Question

If a test has three multiple choice questions that offer five possible answers, determine the probability that a student will get one out of three questions correct by guessing on all of them.
(a) $\dfrac{49}{125}$
(b) $\dfrac{48}{125}$
(c) $\dfrac{48}{145}$
(d) $\dfrac{49}{145}$

Answer 1

Hint: We will first find total combination of multiple answer which will be $5\times 5\times 5=125$ . then we will find probability of correct answer $P\left( c \right)=\dfrac{1}{5}$ and subtracting this from 1, we will get probability of incorrect answer i.e. $P\left( I \right)=\dfrac{4}{5}$ . Now, we will select 1 question out of 3 questions which is correct i.e. ${}^{3}{{C}_{1}}$ . Along with this we will multiply the probability of getting the correct answer one time and that of incorrect answer 2 times and on solving, we will get the answer. Formula we will be using is ${}^{n}{{C}_{r}}=\dfrac{n!}{\left( n-r \right)!r!}$ .
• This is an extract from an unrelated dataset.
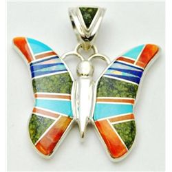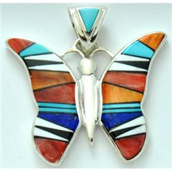 Navajo Multi-Stone Butterfly Pendant - Calvin Begay Measures 1-1/2" tall by 1-1/2" wide. SKU: pp0146 --------------------------------...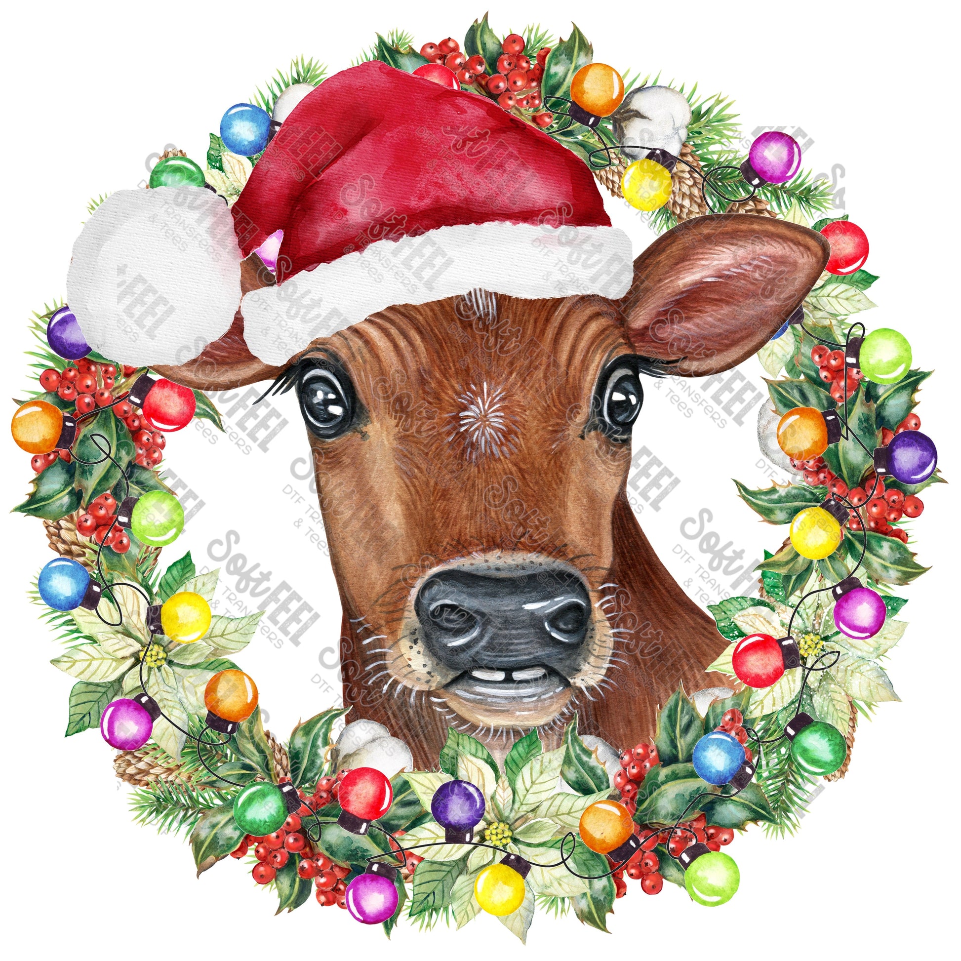 CHRISTMAS COW WREATH - Christmas / Country Western - Direct To Film Transfer / DTF - Heat Press Clothing Transfer

Complete step-by-step answer:
We are given that there are 3 multiple choice questions and each question has 5 options for answer. So, the total possible multiple combination of selecting the answer for all 3 questions will be $5\times 5\times 5=125$ .
Now, we know that out of 5 options only one is correct. So, we can say that the probability of the correct answer is $\dfrac{1}{5}$ . So, that incorrect answer will be $1-\dfrac{1}{5}=\dfrac{4}{5}$ because we know that maximum probability is 1. So, we have subtracted probability of correct answer from 1 in order to get probability of incorrect answer.
Probability of correct answer $P\left( c \right)=\dfrac{1}{5}$
Probability of incorrect answer $P\left( I \right)=\dfrac{4}{5}$
Now, we have to find the probability of one correct question out of 3. So, we can write it as ${}^{3}{{C}_{1}}$ . Also, that one question is correct so, probability of getting the correct answer is to be multiplied and for the remaining 2 questions which are incorrect also their incorrect answer probability should be multiplied. So, we get as
$={}^{3}{{C}_{1}}\times P\left( c \right)\times P\left( I \right)$
On putting values and using the formula ${}^{n}{{C}_{r}}=\dfrac{n!}{\left( n-r \right)!r!}$ , we get as
$=\dfrac{3!}{\left( 3-1 \right)!1!}\times \dfrac{1}{5}\times \dfrac{4}{5}\times \dfrac{4}{5}$
(we have multiplied $P\left( I \right)=\dfrac{4}{5}$ 2 times because we have 2 incorrect questions)
On further solving, we get as
$=\dfrac{3\times 2!}{2!1!}\times \dfrac{16}{125}$
On simplification we get as,
$=\dfrac{3\times 16}{125}=\dfrac{48}{125}$
Thus, option (b) is the correct answer.

Note: Remember that we have to select only one correct answer, so we have 2 incorrect questions with us. So, we have to multiple probability of correct answer one time and that of incorrect answer twice. Students make mistake here and multiply both probability one time only and get answer wrong i.e. $=\dfrac{3!}{\left( 3-1 \right)!1!}\times \dfrac{1}{5}\times \dfrac{4}{5}$ . on solving this, we will get incorrect answer. So, do not make this mistake.